Work instructions - Retype only the lines below from the one with "기본적인 준비만으로도 계곡길 산책의 만족도가 훨씬 높아집니다." to the one with "可爱猫咪印花罩衫 VeroModaT恤女26夏季 休闲圆领短袖 喵了个咪", inclusive, skipping every image.

Information shown -
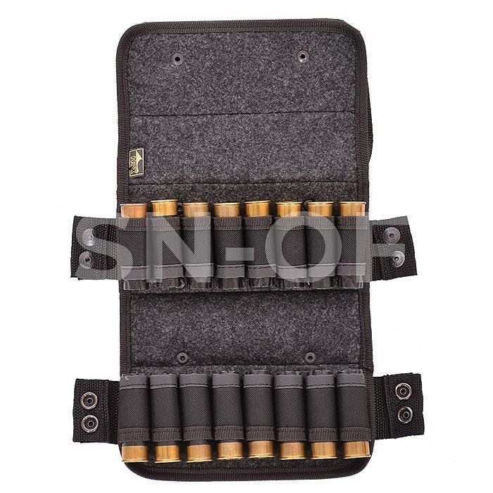 Изготовлена в традиционной форме из специальной ткани. Надежно держит 16 патронов в лузах.
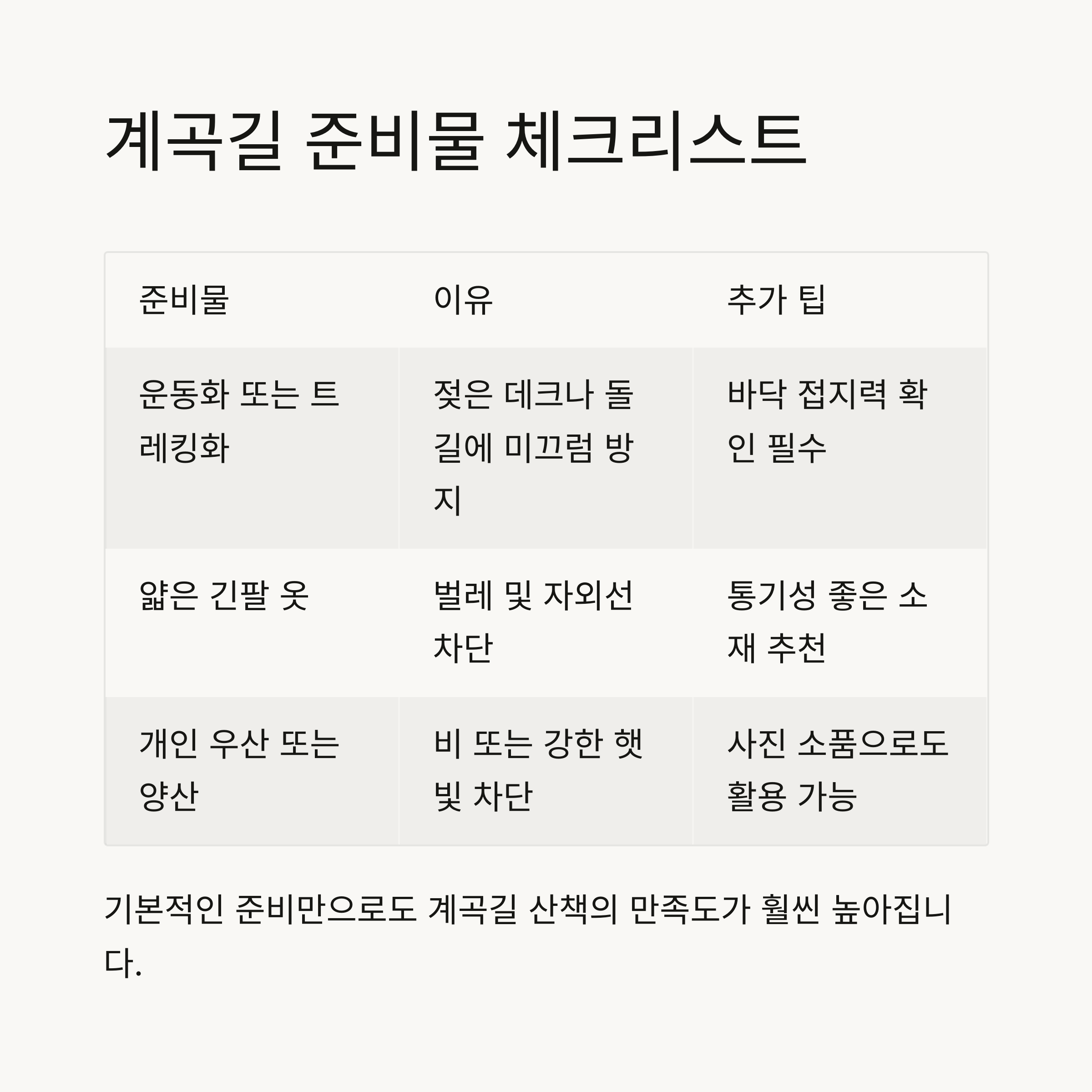 기본적인 준비만으로도 계곡길 산책의 만족도가 훨씬 높아집니다.
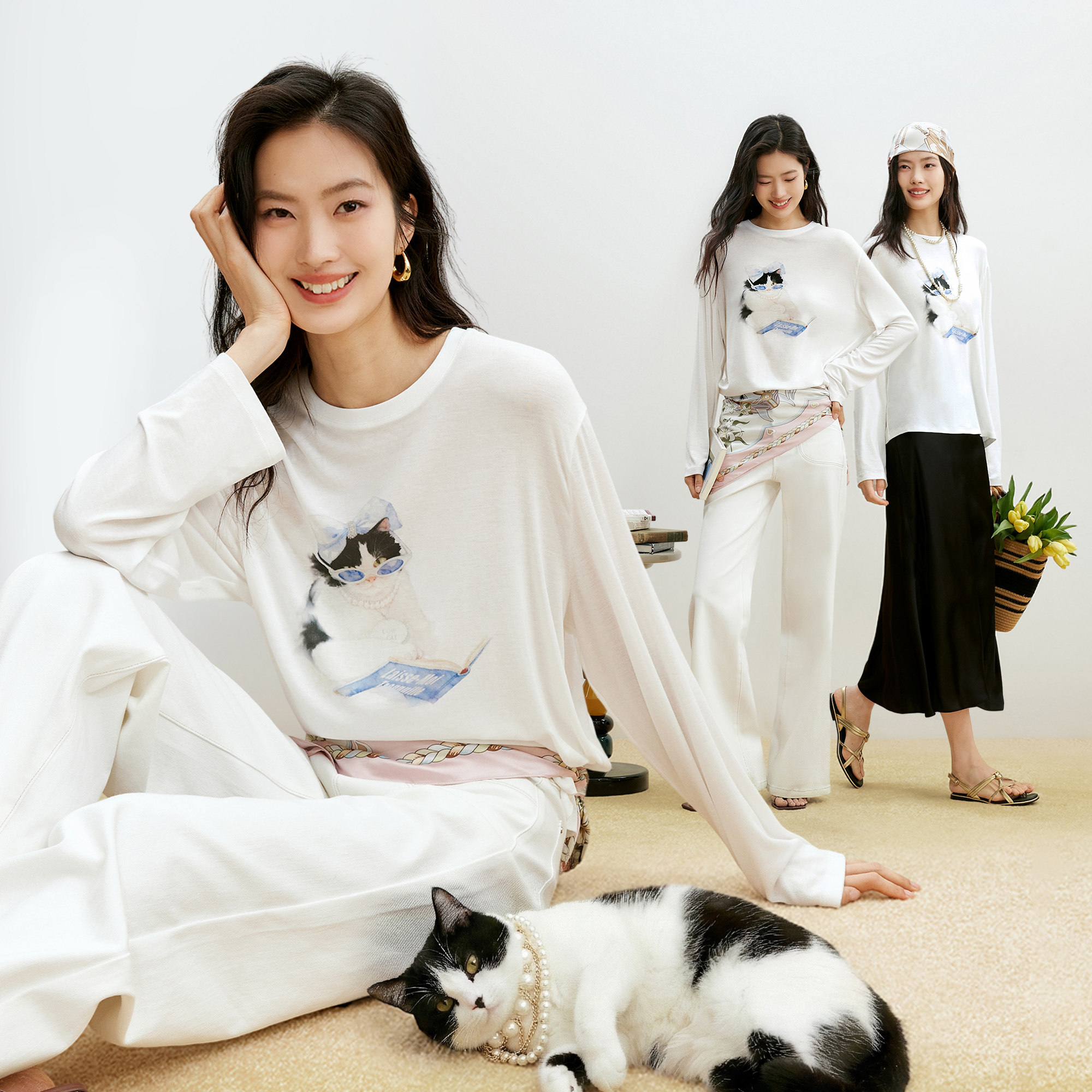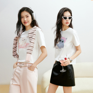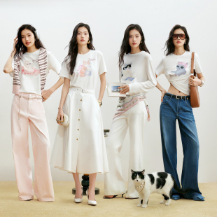 可爱猫咪印花罩衫 VeroModaT恤女26夏季 休闲圆领短袖 喵了个咪
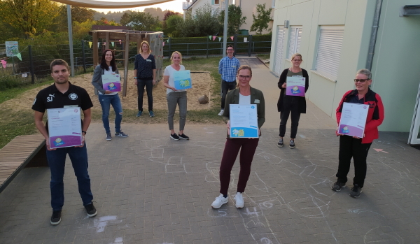(25.09.2020) Nach eineinhalb Jahren Vorbereitung und gemeinsamer Arbeit konnten die Kita Lillipuz aus Kaan-Marienborn und die ortsansässigen Vereine TuS und 1. FC Kaan-Marienborn die Gütesiegel „Anerkannter Bewegungskindergarten“ und „kinderfreundlicher Sportverein“ in Empfang nehmen. Mit der Vergabe der Gütesiegel waren jedoch im Vorfeld einige Vorrausetzung verbunden, die die verschiedenen Institutionen erfüllen mussten. So wurde die Kita auf Bewegungszeiten während eines Tages im Regelbetrieb und auf Bewegungsmöglichkeiten im Innen- und Außenbereich hin geprüft.

Result of the exercise -
 기본적인 준비만으로도 계곡길 산책의 만족도가 훨씬 높아집니다.
 可爱猫咪印花罩衫 VeroModaT恤女26夏季 休闲圆领短袖 喵了个咪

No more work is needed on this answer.